Problem:
Give back all of the data exactly, with every picture omitted.
Top of Recorded information
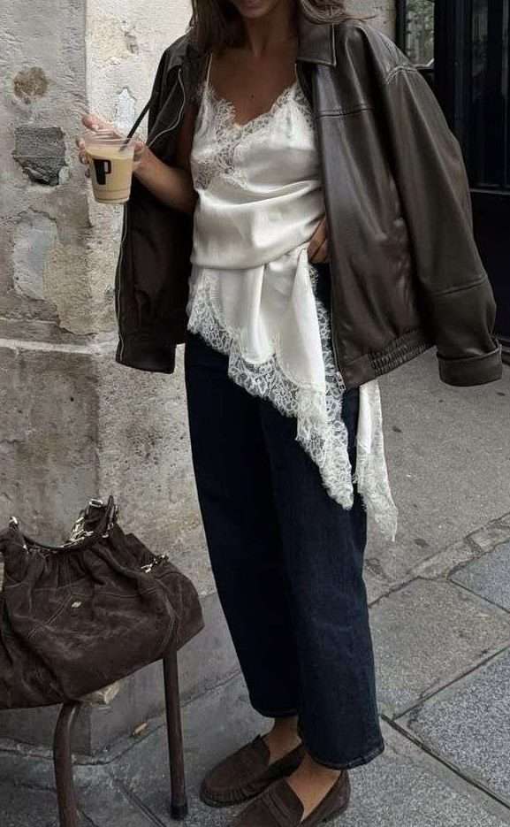 This layered look is perfect for everyday wear. Start with a lace cami, add your favorite straight or slim jeans, then layer a chic jacket on top.
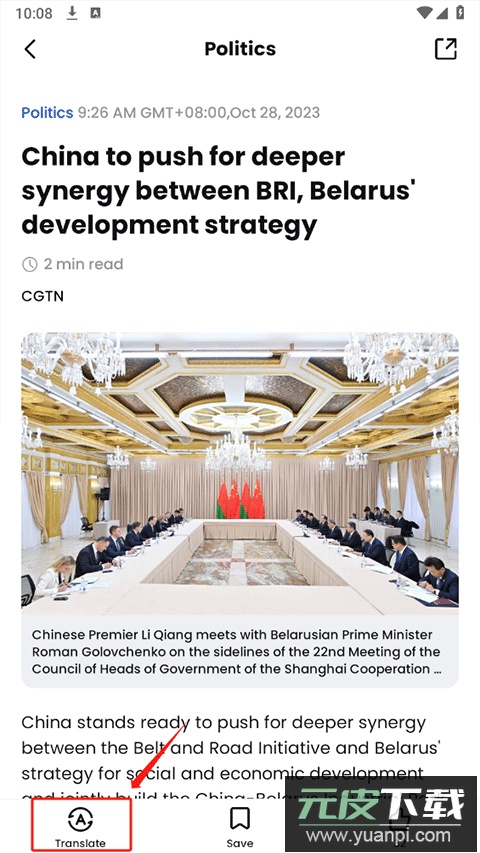 4、或者在阅读文章时直接点击左下角的“翻译”按钮快速切换语种。
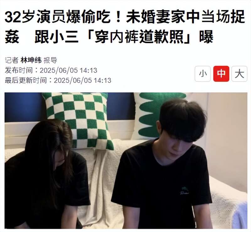 32岁韩国男演员朴竣辉长相帅气,出演50多部音乐剧在韩国走红,6月5日凌晨,被曝出轨25岁女演员禹真英被未婚妻抓包,两人坐在沙发上低头认错照片流出。
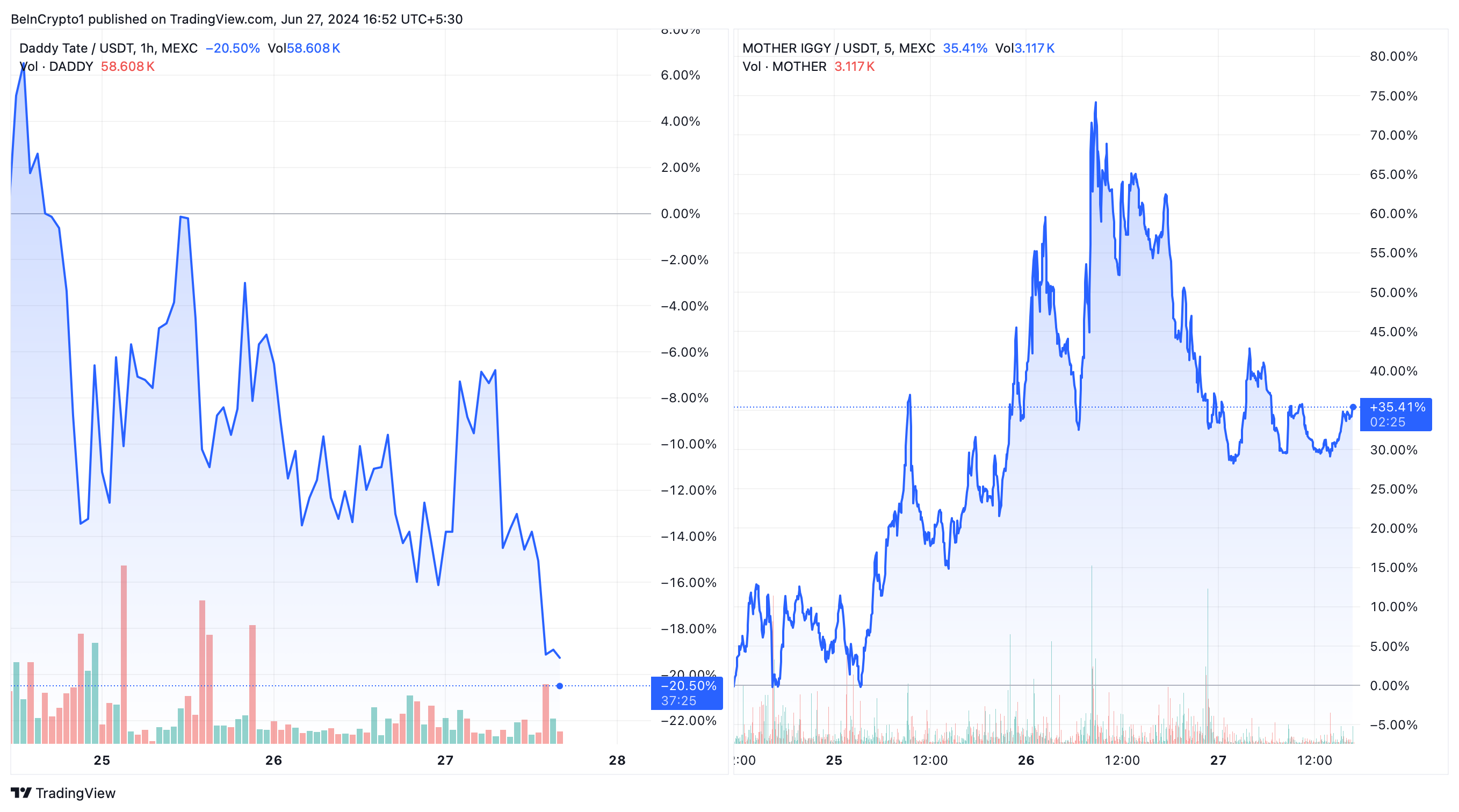 أداء سعر دادي تيت (DADDY) وأم إيجي (MOTHER). المصدر: TradingView
Bottom of Recorded information
Output of the task:
 This layered look is perfect for everyday wear. Start with a lace cami, add your favorite straight or slim jeans, then layer a chic jacket on top.
 4、或者在阅读文章时直接点击左下角的“翻译”按钮快速切换语种。
 32岁韩国男演员朴竣辉长相帅气,出演50多部音乐剧在韩国走红,6月5日凌晨,被曝出轨25岁女演员禹真英被未婚妻抓包,两人坐在沙发上低头认错照片流出。
 أداء سعر دادي تيت (DADDY) وأم إيجي (MOTHER). المصدر: TradingView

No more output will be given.